Adding a New Graph Database to cognee
This guide describes how to integrate a new graph database engine into cognee, following the same pattern used for existing engines (e.g. Kuzu, Neo4j, FalkorDB, NetworkX).
Overview
Within cognee, graph databases are interchangeable thanks to a shared GraphDBInterface. To support a new graph engine, you must:
- Implement the adapter in
cognee/infrastructure/databases/graph/<engine_name>/adapter.py
. - Add a branch in
cognee/infrastructure/databases/graph/get_graph_engine.py
to return your new adapter. - Create a test script that confirms your new adapter’s basic functionality in
cognee/tests/<engine_name>.py
- Create a test workflow in
.github/workflows/test_<engine_name>.yml
for CI. - Update
pyproject.toml
Below are the recommended steps in more detail.
1. Implement the Adapter
File: cognee/infrastructure/databases/graph/engine_name/adapter.py
Your adapter must subclass GraphDBInterface
, implementing all required CRUD and utility methods (e.g., add_node
, add_edge
, extract_node
, etc.). Here is a sample skeleton with placeholders:
"""Adapter for <engine_name> graph database."""
import json
import asyncio
from typing import Dict, Any, List, Optional, Tuple
from contextlib import asynccontextmanager
from concurrent.futures import ThreadPoolExecutor
from cognee.shared.logging_utils import get_logger
from cognee.infrastructure.databases.graph.graph_db_interface import GraphDBInterface
logger = get_logger()
class <EngineName>Adapter(GraphDBInterface):
"""Adapter for <engine_name> graph database operations."""
def __init__(
self,
db_url: str = "localhost",
db_port: int = 1234,
username: Optional[str] = None,
password: Optional[str] = None,
):
self.db_url = db_url
self.db_port = db_port
self.username = username
self.password = password
self.connection = None
self.executor = ThreadPoolExecutor()
self._initialize_connection()
def _initialize_connection(self) -> None:
"""Establish connection to <engine_name>."""
try:
# Connect using your <engine_name> driver
logger.debug(f"Successfully connected to <engine_name> at {self.db_url}:{self.db_port}")
except Exception as e:
logger.error(f"Failed to initialize <engine_name> connection: {e}")
raise
@asynccontextmanager
async def get_session(self):
"""Context manager for a session (if applicable)."""
try:
yield self.connection
finally:
pass
async def query(self, query: str, params: Optional[Dict[str, Any]] = None) -> List[Tuple]:
"""Execute an async query.
If your graph database library provides an async SDK, call it directly here.

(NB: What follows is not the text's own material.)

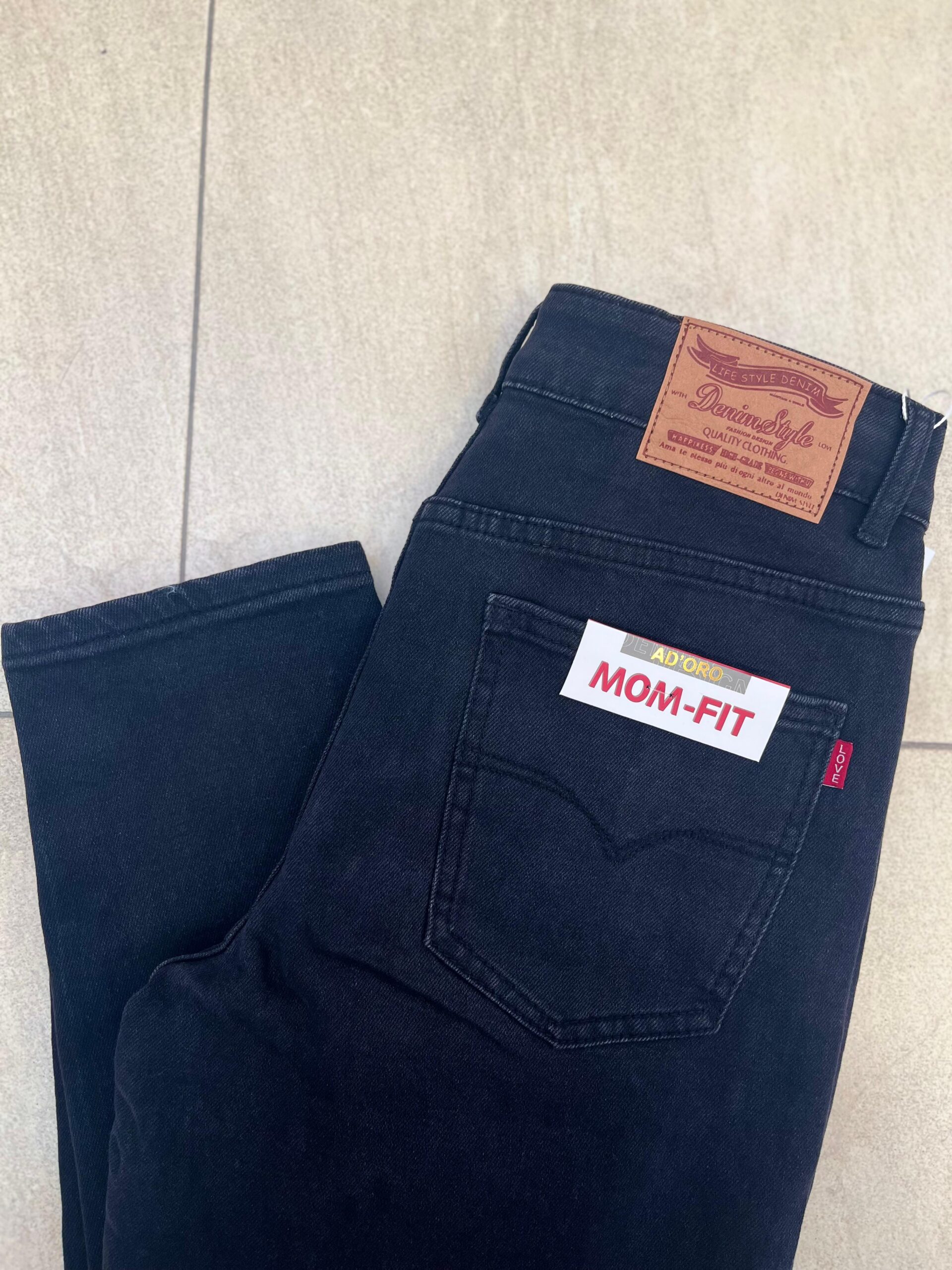 Vaquero estilo mom, color negro. Tiro alto. Elástico.

If it only provides a synchronous client, you can run the call via
`loop.run_in_executor()` or a similar technique to avoid blocking the event loop.
"""
loop = asyncio.get_running_loop()
params = params or {}
def blocking_query():
try:
# Example usage with your driver
# cursor = self.connection.execute(query, params)
# results = cursor.fetchall()
return []
except Exception as e:
logger.error(f"<engine_name> query execution failed: {e}")
raise
return await loop.run_in_executor(self.executor, blocking_query)
# -- Example: Add a node
async def add_node(self, node_data: Any) -> None:
"""Add a single node to <engine_name>."""
# Implement logic:
# 1. Extract relevant fields (id, text, type, properties, etc.).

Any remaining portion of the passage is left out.